On attendait la sortie de The Big Short : Le Casse du siècle principalement pour son casting : Ryan Gosling, Steve Carell, Christian Bale et Brad Pitt réunis à l’écran n’est pas chose courante. Inspiré de faits réels, le film nous plonge dans la période précédant la crise des subprimes de 2008. En 2007, Michael Burry (Christian Bale), docteur en économie, prédit un éclatement de la bulle financière de Wall Street, bâtie sur des prêts bancaires frauduleux. Tandis que le trader Jared Vennett (Ryan Gosling) y voit l’opportunité d’accomplir « le casse du siècle » et de s’en mettre plein les poches, le banquier Mark Baum (Steve Carell) met tout en œuvre pour vérifier les dires de Burry, tout en protégeant ses intérêts.

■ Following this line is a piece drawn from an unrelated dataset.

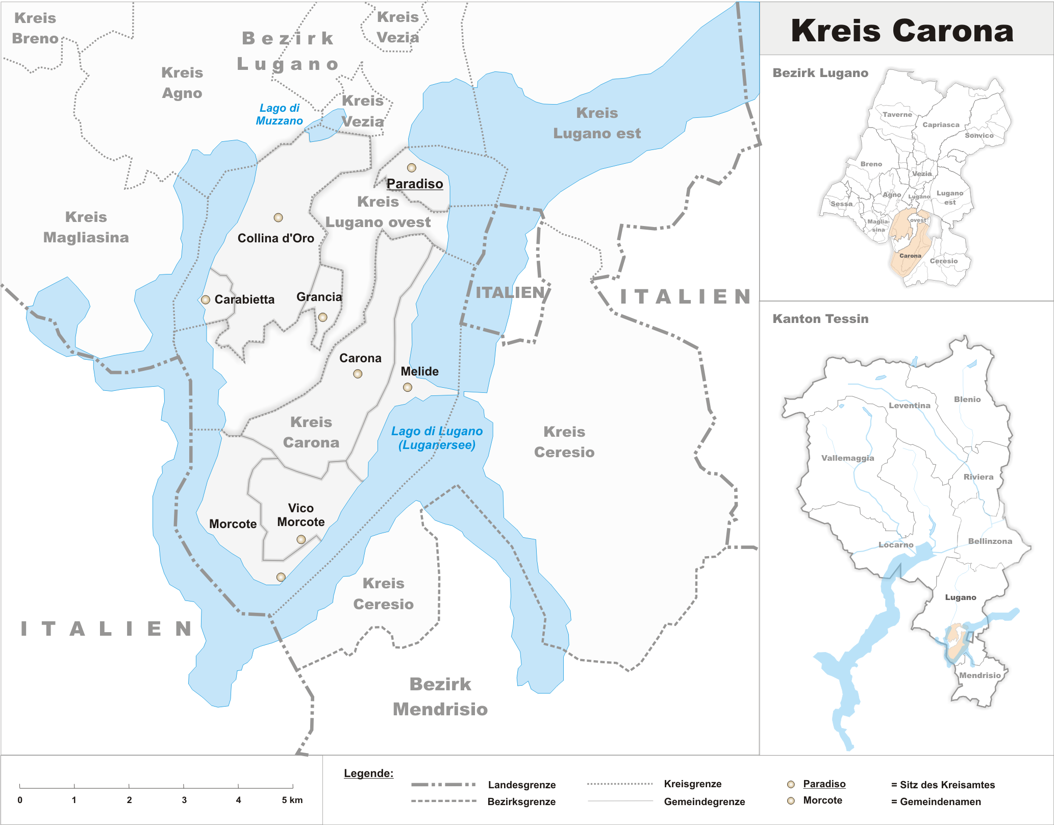 Municipalities in the circle of Carona
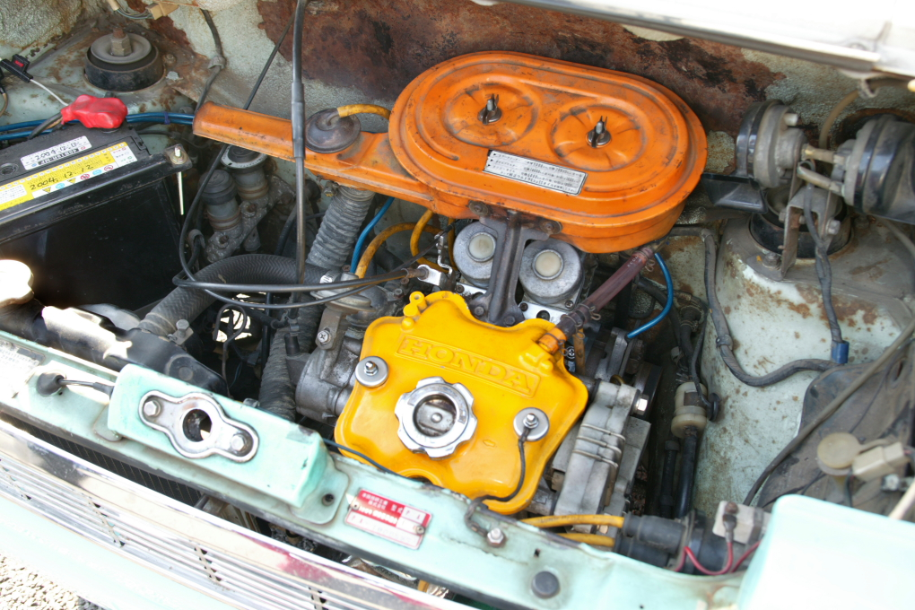 Honda EA engine of Life pick-up.

Impossible de développer davantage le synopsis, tant l’intrigue est complexe et le nombre de personnages trop important pour y voir clair. En 1h50, le réalisateur Adam McKay (Very Bad Cops, Frangins malgré eux) tente de nous expliquer pourquoi la crise financière de 2008 est survenue. Programme trop ambitieux pour ce film qui utilise de lourds artifices, jusqu’à nous faire exploser le cerveau. La caméra, jamais stable, est horripilante dans sa manière de filmer. Que peuvent chercher le réalisateur et son chef opérateur à travers ces images saccadées, trop mobiles et qui ne laissent jamais le temps au spectateur de voir, de scruter ? Cela pose tout de même un énorme problème de cinéma !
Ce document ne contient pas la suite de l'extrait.